Linux commands open files detection

There are two ways in Kotlin (and Java) to execute a command on the command line:

    p = Runtime.getRuntime().exec(command)

and

    val pb = ProcessBuilder(command, arguments)
    val startedProcess = pb.start()

I tried both ways. My goal was to use the 'lsof' command, but that was not available in the lambda runtime. Then I tried to get the user of the process. And the process ID of the lambda itself. Then via /procs/fd one could find what files are kept open by a give PID.

These commands worked:

      val pb = ProcessBuilder("sh", "-c", "echo $$")

      val startedProcess = pb.start()


      val pb = ProcessBuilder("sh", "-c", "ls -al")
      val startedProcess = pb.start()

      val pb = ProcessBuilder("sh", "-c", "ls -al /proc")
      val startedProcess = pb.start()

      p = Runtime.getRuntime().exec("id -u $userName")


These didn't work:

      p = Runtime.getRuntime().exec("/proc/self/status")
      p = Runtime.getRuntime().exec("echo PID  = $$")
      p = Runtime.getRuntime().exec("$$")
      val pb = ProcessBuilder("echo", "$$")
      val pb = ProcessBuilder("$$")
      p = Runtime.getRuntime().exec(command)  // Exited with value 2, so probably invalid command

When I got the PID, I tried this to get the open FDs by this PID in different ways, but that failed:

      val pb = ProcessBuilder("sh", "-c", "ls -al /proc/$pidFound/fd")

After listing all files in the current directory via this command:

      val pb = ProcessBuilder("sh", "-c", "ls -al /proc")
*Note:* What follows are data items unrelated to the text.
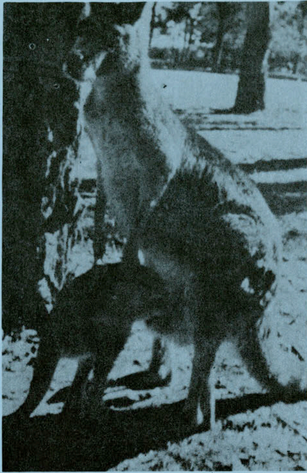
BABY KANGAROO GOING INTO ITS MOTHER'S POUCH
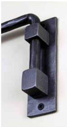
1/2" Dia. Crane Rod 3/4" Projection
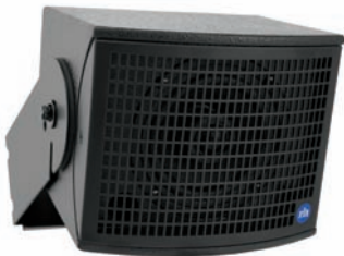
SGX41 with UBRKT/41 U-Bracket
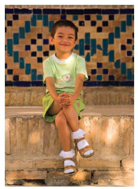
Young Uzbek girl

Day 14: Tashkent A morning tour of Uzbekistan's capital begins in the Old City at the Khazrati Imam Complex of mosques and madrassahs. Here we see the world's oldest surviving Islamic holy book, the 8th-century Uthman Quran, brought to Tashkent by Tamerlane. Next: Chorsu Bazaar, under whose massive green dome locals purchase everything from pro-duce to clothing. After lunch, we visit the studio of renowned ceramicist Akbar Rakhimov. Tonight we enjoy dinner together at a local restaurant. B,L,D
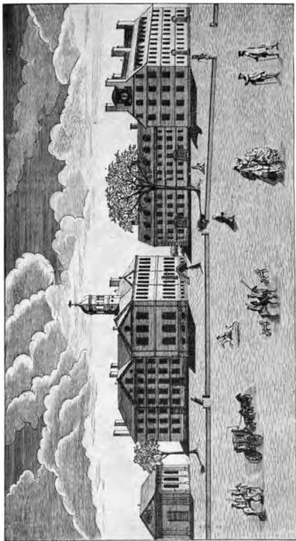
HARVARD OF YESTERDAY
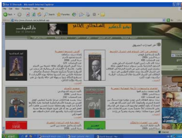
The Dar al-Shorouk Publishers' home page
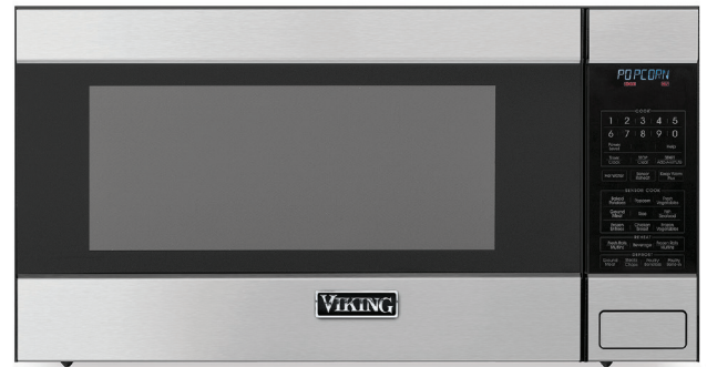
30" Wide Conventional Microwave Oven
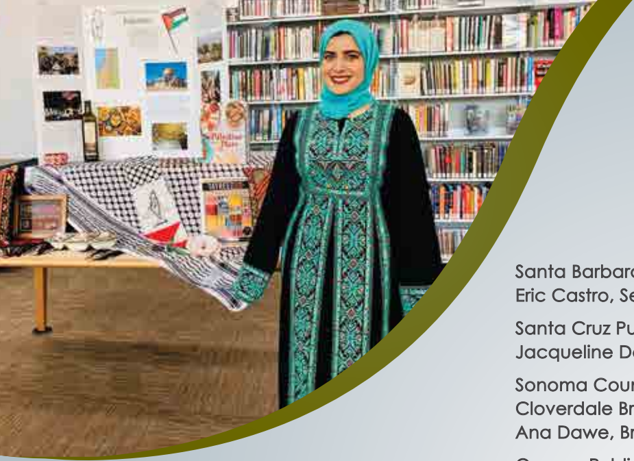
IMAGE: Moreno Valley Library Palestinian Dance and Embroidery Demonstration event.

I saw that none of the numbers (PIDs) listed there were matching the found PID!  At this point I stopped further exploring this option, since then I wouldn't find the open files in /proc/$pidFound/fd anyway....

Force GC

A theory why the Too many open files error is appearing was that the Java runtime doesn't get enough time to clean up (garbage collect) the opened file descriptors. 
So to test this theory, I forced a Garbage Collect after each 50 invocations of the lambda instance. Of course calling System.gc() doesn't fully guarantee it will happen right at that moment, e.g when the runtime is too busy it will happen later.
To cater for that I also added a Thread.sleep() call.  Yes this solution normally is a potential performance killer, but an option to verify the theory. This is the code I used:

   nrOfInvocationsOfThisLambdaInstance++
      if (nrOfInvocationsOfThisLambdaInstance % 50L == 0L) {
        logger.info("$nrOfInvocationsOfThisLambdaInstance % 50 == 0, so going to garbage collect")
        try {
          System.gc()
        } catch (e: Throwable) {
          logger.error("Unable to garbage collect due to: ${e.message}. Full details in the exception.", e)
        }
        logger.info("$nrOfInvocationsOfThisLambdaInstance % 50 == 0, so going to runFinalization")
        try {
          System.runFinalization()
        } catch (e: Throwable) {
          logger.error("Unable to runFinalization due to: ${e.message}. Full details in the exception.", e)
        }

        logger.info("Going to sleep() so it hopefully gets time to GC...")
        try {
          Thread.sleep(5000)
        } catch (i: InterruptedException) {
          // ignore
        }
   }

And indeed, the Too many open files error was gone!  But this couldn't really be the final acceptable solution of course.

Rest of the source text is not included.